A Kansas judge has ruled that lawmakers cannot ban telemedicine abortion, the first ruling since voters rejected the Value Them Both amendment, which would have removed abortion as a ‘right’ within the state constitution.
The Kansas City Star reported that Shawnee County District Court Judge Teresa Watson approved an injunction blocking enforcement of a law prohibiting telemedicine abortion the day before Thanksgiving. Nancy Northup, president and CEO of the Center for Reproductive Rights, celebrated the ruling in a statement.
“This decision will further open up abortion care in Kansas at a time it’s urgently needed,” she said. “In this post-Roe world, telemedicine can make the difference in being able to receive abortion care or not. Today’s decision paves the way for Kansas abortion clinics to expand services to women in remote, underserved areas of Kansas.”
The law was originally passed in 2011, and was immediately challenged by the Center for Reproductive Rights, as well as the Wichita-based abortion facility Trust Women.
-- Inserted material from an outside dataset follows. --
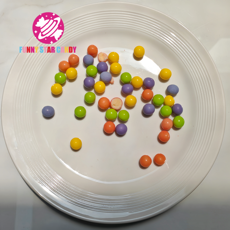 Bon marché Perles explosives à la menthe Chocolats Bonbons OEM Haleine fraîche personnalisée Mélange rond Confiture fruitée Chocolat dragée croustillant fourré
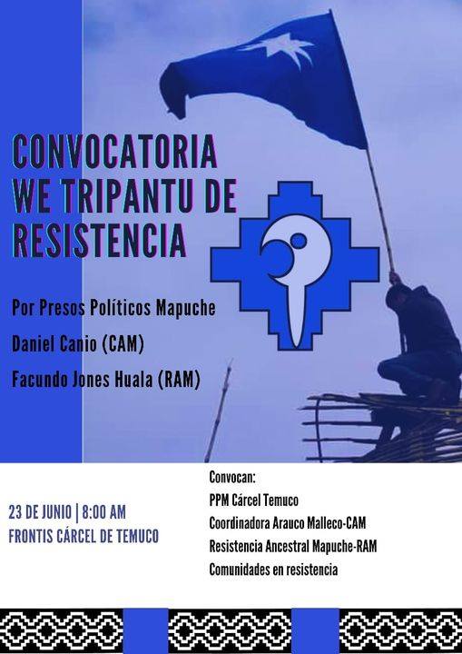 Invitar a nuestras Lof y al conjunto de nuestro Pueblo a acompañarnos en el Wiñoy Tripantü de Resistencia Mapuche que en conjunto con los demás peñi PPM convocamos desde la cárcel para el miércoles 23 de Junio desde las 08:00 hrs. El que se realizará a su vez, en el frontis de la cárcel.

Under the law, abortionists were required to be in the same room as abortion-seeking women when prescribing abortion pills.
Though the abortion industry paints the abortion pill regimen as harmless, there are actually serious risks involved, especially under the “no-test” abortion pill protocol promoted by abortionists such as Daniel Grossman. Under this protocol, there are no blood tests or ultrasound performed, making it exceedingly difficult to accurately determine gestational age, diagnose an extrauterine, or determine potential contraindications to the abortion pill.
On its own, the abortion pill has been shown to be four times more dangerous than first-trimester surgical abortion. But the risks are even higher when the pill is taken past 10 weeks; in the United Kingdom, for example, two women, along with a 28-week preborn child, were killed after taking the abortion pills past the 10 week mark. An NHS e-mail said numerous other women had serious complications.
Additionally, telemedicine abortion opens up women to coercion and abuse. It is not possible, through a mere short video conference, to determine whether a woman is being forced into an abortion or if she is requesting the pills of her own volition.
Watson’s ruling has the potential to harm women, and primarily benefits the abortion industry.